Já o autor Gustavo de Matos Sequeira descrevia a Varina como uma “herança fenícia refundida em moldes gregos, com atributos que atestam tal herança: tez morena, feição carregada, olhos escuros, tronco curto e direito e porte altivo” e por sua vez Caldas Aulete atribui a transmissão etimológica a uma tribo de suevos, denominada “Varinos”,e investigadores mais recentes explicam-na através da vara com que se muniam os moliceiros da Ria.
Pinho Leal será quem se aproxima mais da verdade pois escreveu que a designação de “Varino” e de “Vareiro” compreendia todos os habitantes da faixa marítima que vai de S. Jacinto (Aveiro) até Espinho, o que ainda não é de todo verdade, pois a designação de “Varinos” deveria ser atribuída apenas aos habitantes de Ovar (“ovarinos”).
Ora vejamos:
Após a construção da linha férrea, migraram para Lisboa, de Ovar (Ovarinos) e povoações vizinhas, especialmente da Murtosa (Murtoseiros), muitos homens e mulheres para procurarem o sustento que não encontravam nas suas terras.
Habituados a tarefas agrestes no mar ou na praia, onde começavam, desde miúdos, a puxar e a carregar com as pesadas redes e cordas das companhas do Furadouro, encontravam nas águas do grande estuário do Tejo o seu modo de vida, trabalhando nas fragatas, que eram, ao mesmo tempo, a casa onde ganhavam o sustento, e onde comiam e dormiam, à semelhança dos Avieiros na Borda d´Água tagana.

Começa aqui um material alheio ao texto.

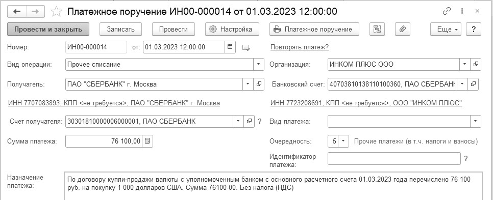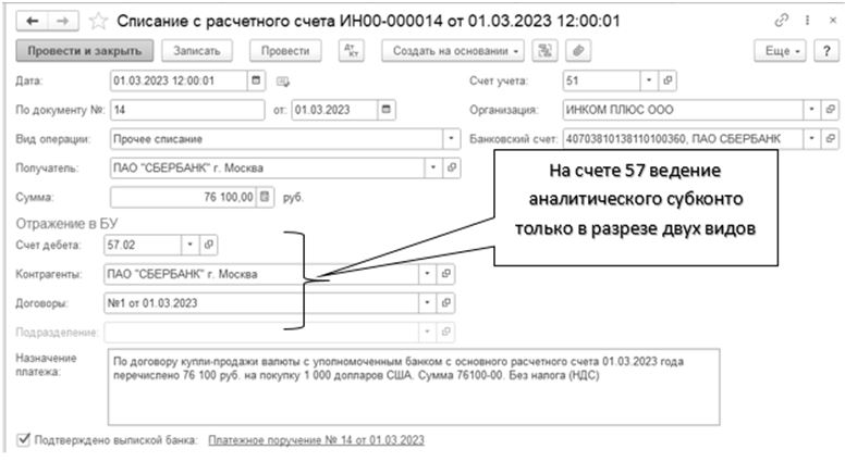 По договору купли-продажи валюты с уполномоченным банком с основного расчетного счета 01.03.2023 года перечислено 76 100 руб. на покупку 1 000 долларов США. Валюта покупается на нужды организации (оплату товара).

As mulheres, desde jovens acostumadas a palmilhar longos caminhos, na sua terra natal, de canastra à cabeça a apregoar a “sardinha do nosso mar”, adaptavam-se com facilidade às ruas de Lisboa apregoando o “peixe fresco”, “viva da costa”, “pescado do alto”, e outros pregões que há muito tempo se deixara de ouvir pela cidade.
Marina Tavares Dias descreve estas mulheres de uma forma cativante, dizendo: “As mulheres de Ovar deixaram as chatas e as labregas da ria de Aveiro e migraram, nos primeiros comboios, para um dos bairros mais pobres de oitocentos: a Madragoa”. Mais adiante fala-nos da forma de vestir tão peculiar destas mulheres: “de características tidas por sagradas, passou a incluir o chapelinho de feltro, cinta de lã a altear a saia axadrezada, avental e apoiando a canastra, a célebre rodilha ou “sogra”. Uma patrona, bolsinha lateral também de feltro, servia para guardar os trocos”.

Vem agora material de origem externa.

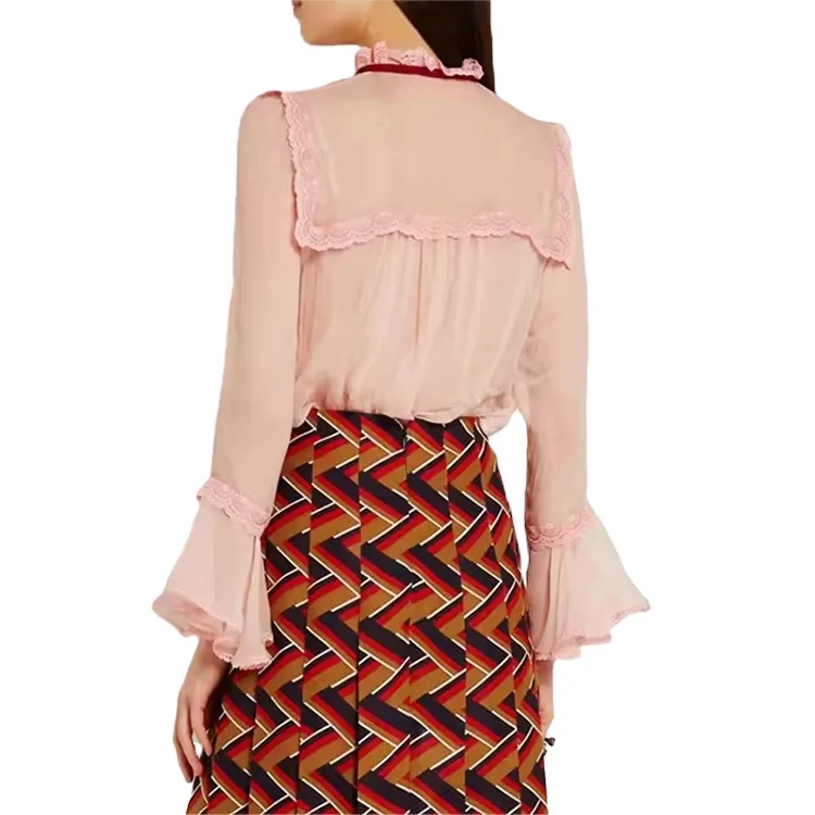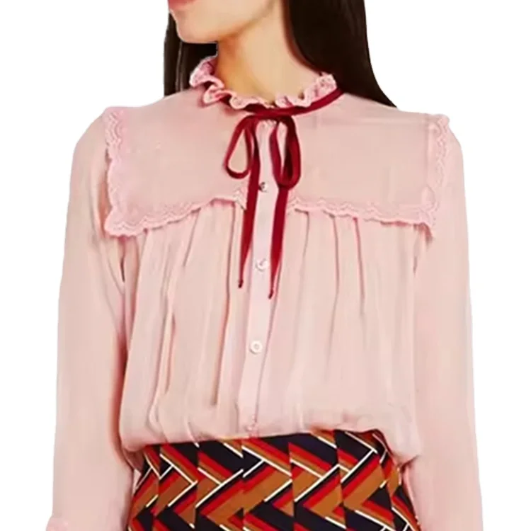 Custom High Quality Spring Autumn Causal Chiffon Fabric Soft Double Sided Long Sleeve Ladies Blouses and Tops

O bairro da Madragoa é descrito, por quase todos os articulistas da época, como uma espécie de domínio onde se agrupavam as peixeiras de Lisboa. Mas Alfama foi também um bairro onde moraram muitas peixeiras e fragateiros de Ovar e que por lá deixaram a sua marca.
Hoje em dia as varinas de Lisboa desapareceram e o mesmo aconteceu com os fragateiros e tantos outros profissionais de outras artes do Tejo que fizeram história e que se foram perdendo no tempo. Há que os recordar para não se perderem na nossa frágil memória.